Robbi M, Beaufay H, Octave J N
Laboratoire de Chimie Physiologique, Université Catholique de Louvain, Brussels, Belgium.
Biochem J. 1990 Jul 15;269(2):451-8. doi: 10.1042/bj2690451.
A commercial rat liver cDNA library in lambda gt11 was screened with a rabbit antiserum to native pI 6.1 esterase (ES-10). The inserts of the immunoreactive clones were short (0.9-1.1 kbp). One of these was used as a probe to rescreen the library, yielding 30 clones, two of which contained relatively long (approx. 1.9 kbp) and widely overlapping cDNA inserts. They did not contain the first two nucleotide residues of the initiator codon, nor the 5'-end untranslated portion of the mRNA. These were derived from a home-made rat liver cDNA library in lambda gt11, screened with an oligonucleotide corresponding to the 5'-end of the already known cDNA sequence. The nucleotide sequence consists of 48 bp of 5'-end non-coding region, 1695 bp of coding region and 212 bp of 3'-end non-coding region including a 20 bp poly(A) tail. The signal peptide and the mature protein subunit are 18 and 547 residues long respectively. Tyr is confirmed as N-terminal residue. The predicted amino acid sequence is highly similar to those of rabbit liver esterase forms 1 (77% identity) and 2 (56% identity), determined by protein sequencing [Korza & Ozols (1988) J. Biol. Chem. 263, 3486-3495; Ozols (1989) J. Biol. Chem. 264, 12533-12545]. The three enzymes share the Ser and His residues presumed to be part of the active site, four Cys residues and a high proportion of charged side chains at their C-terminus. The C-terminal tetrapeptides of the three esterases (-HVEL, -HIEL and -HTEL for pI 6.1 and forms 1 and 2 esterases respectively) are reminiscent of, but not identical with, the localization signal identified in other proteins of the endoplasmic-reticulum lumen (-KDEL in animal cells [Munro & Pelham (1987) Cell 48, 899-907]; -HDEL in yeast [Pelham, Hardwick & Lewis (1988) EMBO J. 7, 1757-1762]). We still lack direct evidence to decide whether or not these C-terminal tetrapeptides commit esterases to reside in the endoplasmic reticulum. In that case the antepenultimate residue (D, V, I or T) would be only weakly stringent, and some sequences primed by H instead of K would be recognized in animal as well as in yeast cells.

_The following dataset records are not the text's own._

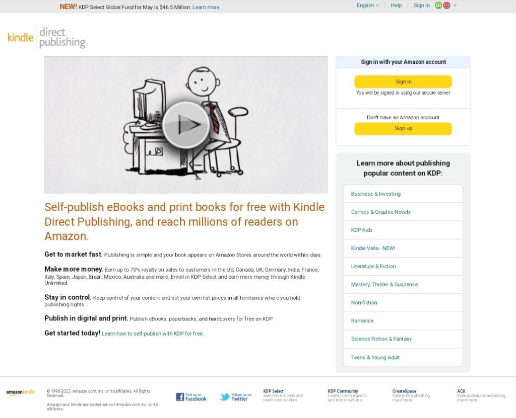 Visit kdp.amazon.com and choose “Sign in” or “Sign up.”
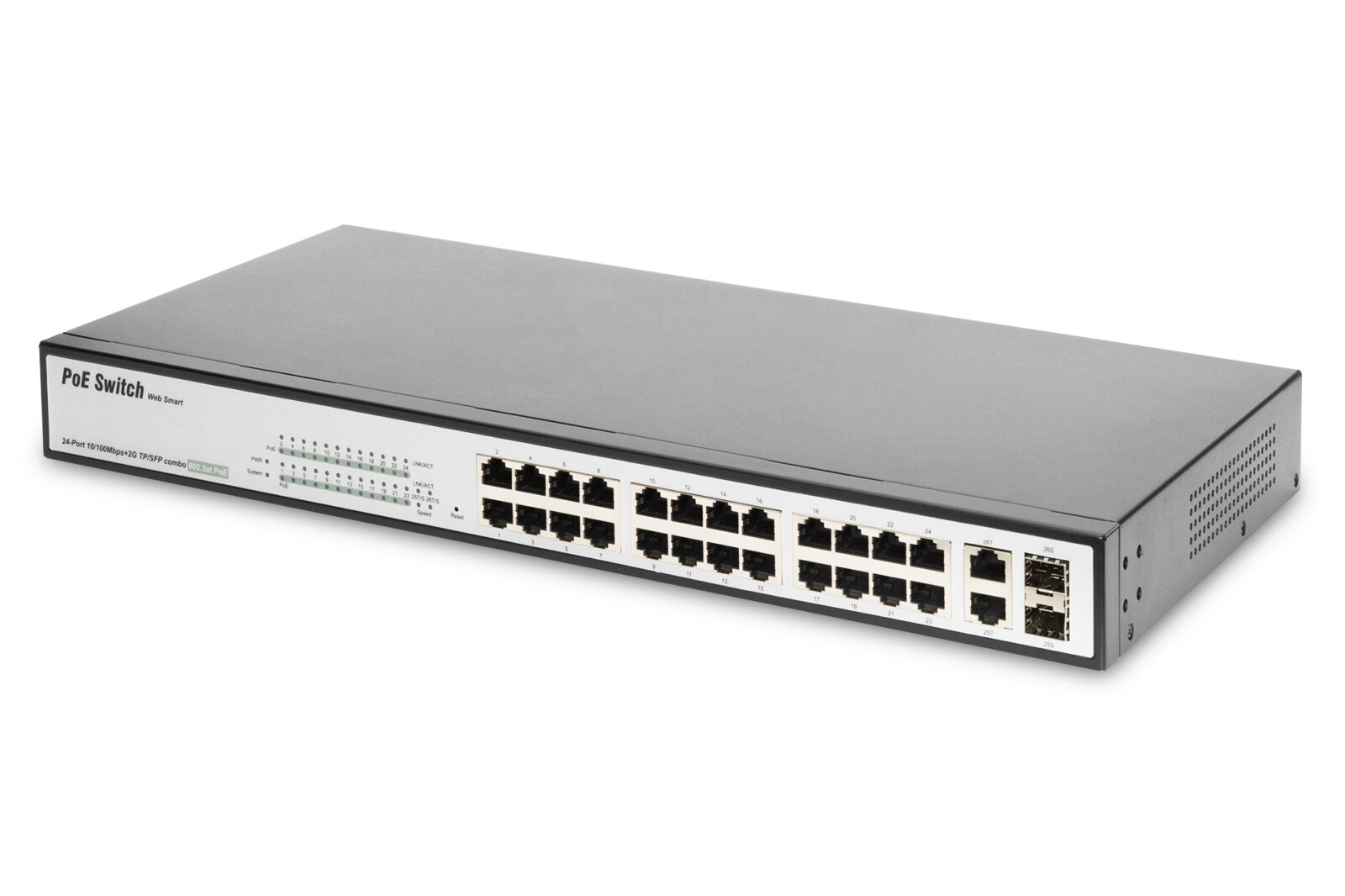 24-port RJ45, 2-port Combo TP/SFP, 370W PoE budget
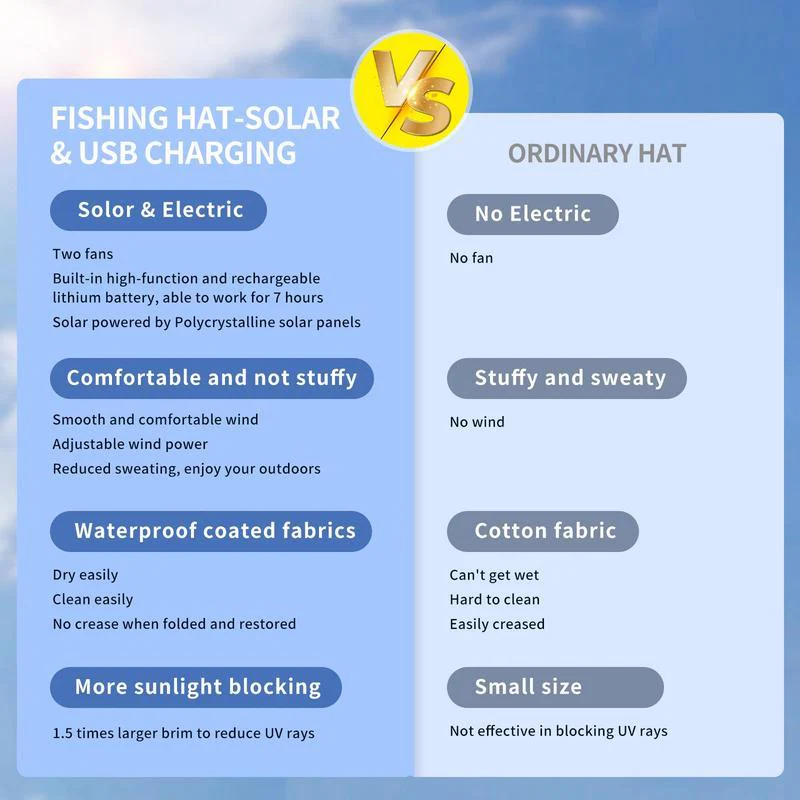 ✓ No more sweaty hat hair ✓ No bulky batteries ✓ No sunburn regrets
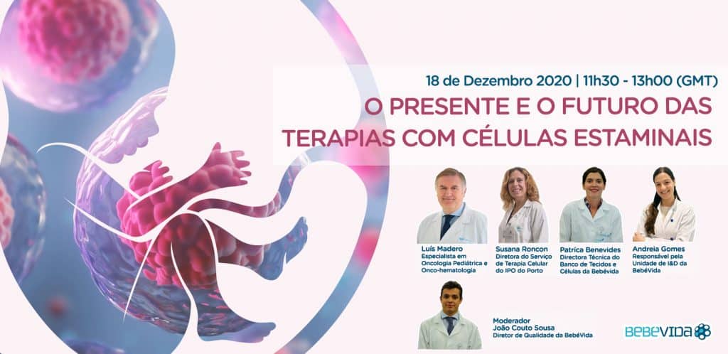 O webinar irá centrar-se na análise das fontes de células estaminais e vantagens da sua utilização, na aplicação terapêutica das células do sangue e do tecido do cordão umbilical em diversas doenças e, no panorama atual da pandemia por COVID-19, o potencial das células estaminais no combate ao coronavírus. Além do Dr. Luís Madero vai contar também com a participação da Dr.ª Susana Roncón – Diretora do Serviço de Terapia Celular do IPO do Porto, da Dr.ª Patrícia Benevides – Diretora Técnica do Banco de Tecidos e Células da Bebé Vida e da Dr.ª Andreia Gomes – responsável pela Unidade de I&D da Bebé Vida, com a moderação do Dr. João Sousa – diretor de Qualidade da Bebé Vida e Presidente da Associação Portuguesa de Empresas de Criopreservação (APEC).
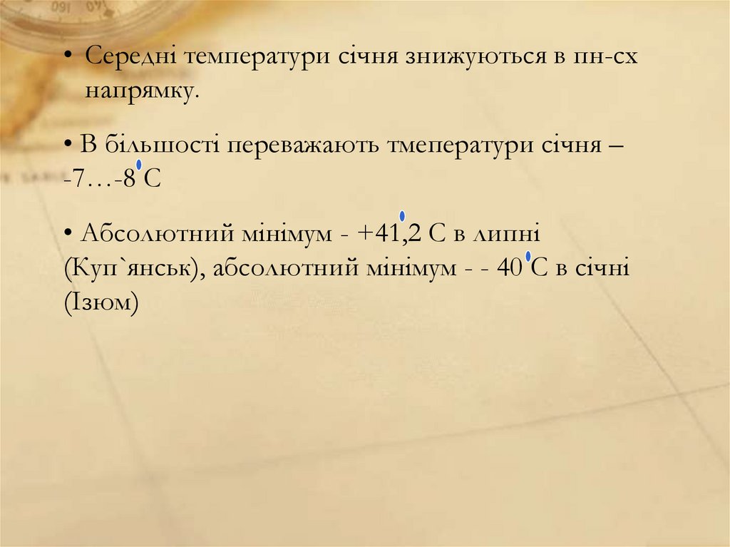 • Середні температури січня знижуються в пн-схнапрямку.
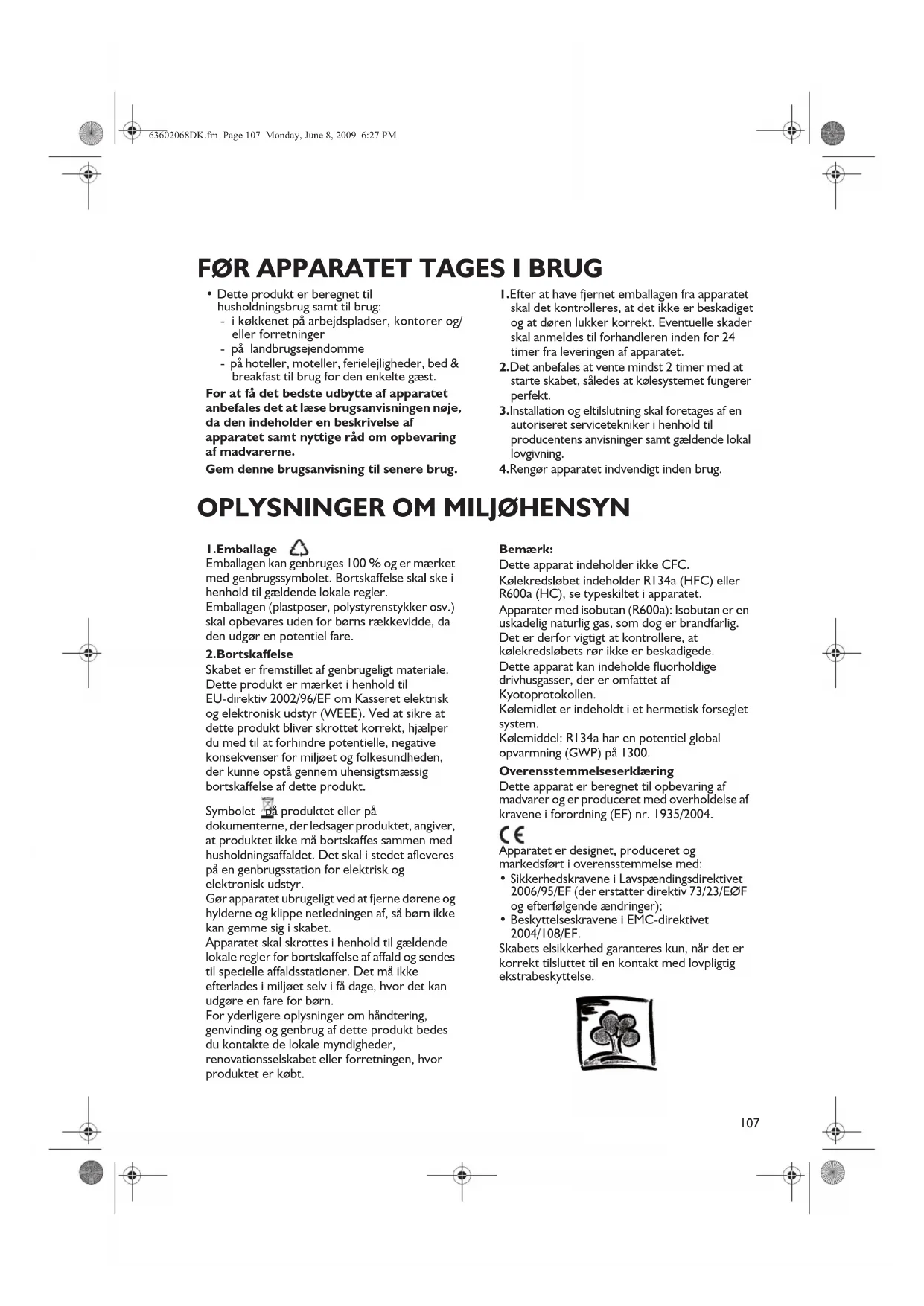 FØR APPARATET TAGES I BRUG OPLYSNINGER OM MILJØHENSYN
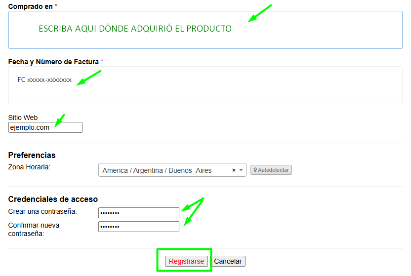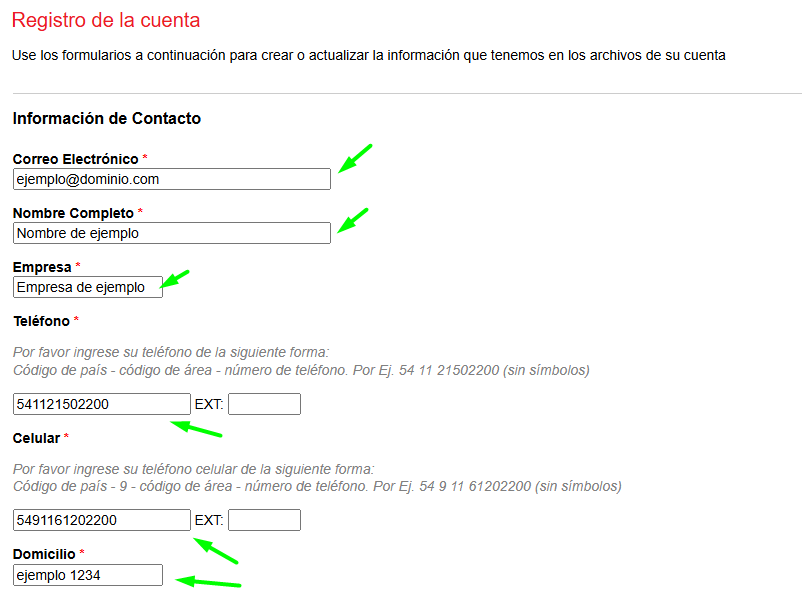 Ingrese sus datos tal como se muestra en las siguientes imágenes,(respetando el formato de los números de teléfono):

用兔抗天然pI 6.1酯酶(ES-10)抗血清筛选λgt11载体中的商业大鼠肝脏cDNA文库。免疫反应性克隆的插入片段较短(0.9 - 1.1 kbp)。其中一个用作探针重新筛选文库,得到30个克隆,其中两个包含相对较长(约1.9 kbp)且广泛重叠的cDNA插入片段。它们不包含起始密码子的前两个核苷酸残基,也不包含mRNA的5'端非翻译部分。这些片段来自自制的λgt11载体大鼠肝脏cDNA文库,用与已知cDNA序列5'端对应的寡核苷酸进行筛选。核苷酸序列由5'端非编码区的48 bp、编码区的1695 bp和3'端非编码区的212 bp组成,包括一个20 bp的聚腺苷酸尾。信号肽和成熟蛋白亚基分别由18个和547个残基组成。酪氨酸被确认为N端残基。预测的氨基酸序列与通过蛋白质测序确定的兔肝脏酯酶1型(77%同一性)和2型(56%同一性)高度相似[科尔扎和奥佐尔斯(1988年)《生物化学杂志》263卷,3486 - 3495页;奥佐尔斯(1989年)《生物化学杂志》264卷,12533 - 12545页]。这三种酶共享推测为活性位点一部分的丝氨酸和组氨酸残基、四个半胱氨酸残基以及它们C端高比例的带电荷侧链。三种酯酶的C端四肽(pI 6.1酯酶以及酯酶1型和2型分别为 -HVEL、-HIEL和 -HTEL)让人联想到但不同于在内质网腔其他蛋白质中鉴定出的定位信号(动物细胞中的 -KDEL [蒙罗和佩勒姆(1987年)《细胞》48卷,899 - 907页];酵母中的 -HDEL [佩勒姆、哈德威克和刘易斯(1988年)《欧洲分子生物学组织杂志》7卷,1757 - 1762页])。我们仍然缺乏直接证据来确定这些C端四肽是否使酯酶定位于内质网。在这种情况下,倒数第二个残基(D、V、I或T)的严格性较低,并且在动物细胞和酵母细胞中,一些由H而非K引发的序列也会被识别。